If it's a recorded soundtrack, you could recognise this by the intonation, emphasis on "years", falling with "...'nd more".  In writing, it's as you have written in the original question.

To achieve the opposite meaning ("my companion, and more,...") would have required at least a comma, if not a dash or semi-colon, after the word "years".  In spoken form there would be a pause, and then a verbal emphasis on the word "*a*nd" or the word "more" or both.


----------



## The MightyQ

Ah, c'est un film.
Then the way it was said could help understand the meaning. That is, the relative emphasis on "and more" compared to "the past twenty years" would make a big difference.    

I wonder what was in the original screenplay?


----------



## Arzhela

The MightyQ said:


> I wonder what was in the original screenplay?


Good question !


----------



## The MightyQ

Perhaps the actress had no idea what it meant either!


----------



## bloomiegirl

bloomiegirl said:


> Reste à la comédienne d'en être le juge-arbitre.


Reste au dramaturge... si ce n'était pas à l'improviste !


----------



## lodelalu

ah ! ah !


----------



## The MightyQ

This could be a good exercise for acting class


----------



## bloomiegirl

Si l'on disait : Il est mon partenaire de vie depuis vingt ans et davantage", serait-ce aussi un peu ambigu ?

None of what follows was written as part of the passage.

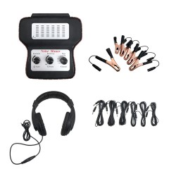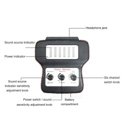 Inserte los auriculares conector en el conector para auriculares y luego sujete las seis pinzas de cocodrilo alrededor del área defectuosa de la máquina. Según el color y la posición del clip, seleccione el canal correspondiente, encienda el amplificador y ajuste el volumen para escuchar el sonido de la máquina, de modo que la máquina pueda diagnosticarse según la frecuencia y el tono del sonido.

(Or would it just be wrong? )


----------



## lodelalu

bloomiegirl said:


> Si l'on disait : Il est mon partenaire de vie depuis vingt ans et *d'*avantage", serait-ce aussi un peu ambigu ?
> 
> (Or would it just be wrong? )



Non, c'est bien, ... dans un style plus "parlé" on pourrait dire

" ... depuis vingt ans et plus "


----------



## bloomiegirl

D'accord quant à "plus" ; mais "d'avantage" ?


----------



## lodelalu

oui, désolé, c'est vrai, " davantage " s'écrit en un seul mot dans ce cas


----------



## bloomiegirl

Merci Lodelalu. Sometimes it's hard to keep up!


----------